Longabaugh vertelt dat veel democratische stemmers er gewoon van overtuigd waren dat niemand anders dan Hillary Clinton dé kandidaat voor de democratische partij was. Dit ondanks het feit dat veel uitingen van Sanders zijn overgenomen door de democratische partij, en hebben geholpen bij het vormgeven van de uiteindelijke democratische koers. Clinton was volgens Langabaugh voor velen de "veilige en zekere" inzet, terwijl juist Sanders zowel het progressieve beleid als vurige proza naar voren bracht die het populisme van Trump konden bestrijden.

"De twee kandidaten die afgelopen verkiezingen de grootste impact hadden op hun partijen waren Bernie Sanders en Donald Trump. Beiden hadden een verhaal te vertellen, en dat is iets wat bij Clinton ontbrak," zegt Longabaugh.

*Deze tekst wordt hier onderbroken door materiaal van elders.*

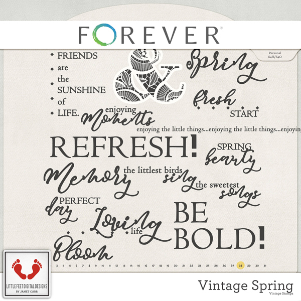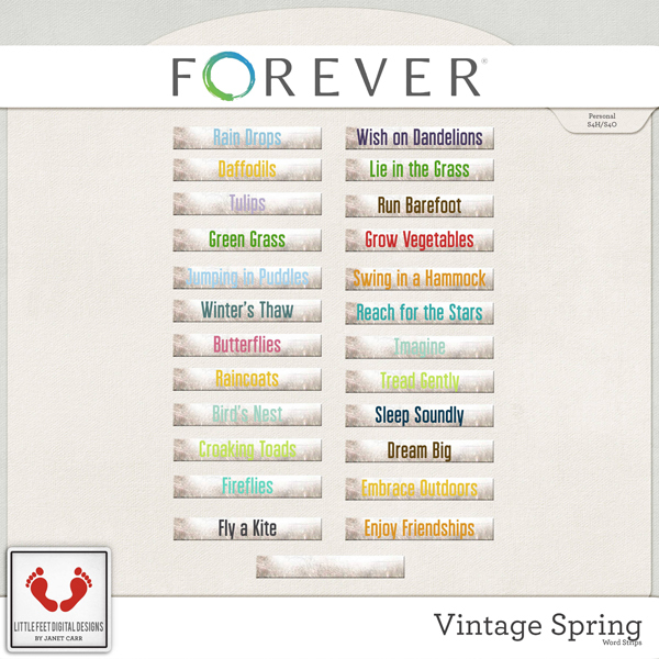 Here's to making sure your wonderful spring moments last forever! Every spring has a story, and if yours is swinging in a hammcok on a breezy spring day, breeze blowing through your hair on a bike ride, kicking your feet up and letting the sunshine warm your face, or embracing time outside with family and friends, this kit is the one for you! Filled to the brim with gorgeous florals, beautiful themed elements, and so much more! This kit will help you keep all of your favorite spring moments close to your heart. Features a beautifully eclectic mix of shabby, vintage papers and elements in a refreshingly happy color palette. Little Feet Digital Designs is EXCLUSIVE to Forever.

"Toen Bernie zijn kandidaatschap bekendmaakte, bestempelden de media dat als een grap – volledig ongeïnspireerd. Uiteindelijk bleek het tegenovergestelde te gebeuren. Sanders had een boodschap – dat de werkende middenklasse van zijn land leed en dat de economische ongelijkheid, in veel gevallen, de oorzaak van de vele problemen was. Hij vertelde de mensen dat er een probleem was en bleef vasthouden aan een vaag argument dat hij het zou oplossen".

Volgens Longabaugh ligt de toekomst van de politiek niet bij het veranderen van de overtuigingen van de mensen. Het gaat erom de zwevende kiezers te overtuigen om zich bij de juiste kant van de geschiedenis aan te sluiten.

In sommige opzichten is dat een wat sombere verklaring. De gevestigde conservatieve of progressieve stemmers gaan niet opeens van mening veranderen door conventionele kwesties op hen af te schieten. Toch ziet Longabaugh dat anders. Hij is eigenlijk heel optimistisch.

"Het is niet nodig om de gedachten van mensen te veranderen," vertelt hij, wijzend op de piek van mensen uit de jongere generatie die hun hoop op Sanders hadden gevestigd tijdens de voorverkiezingen. "Het echte probleem is niet dat we tegenstanders moeten overhalen om zich bij ons kamp aan te sluiten. Dat zal nooit het ideale politieke klimaat creëren. Het is juist nodig om tussen alle tegenstrijdige overtuigingen  een compromis te vinden, en we hebben jongen mensen nodig die erin geloven dat dat haalbaar is".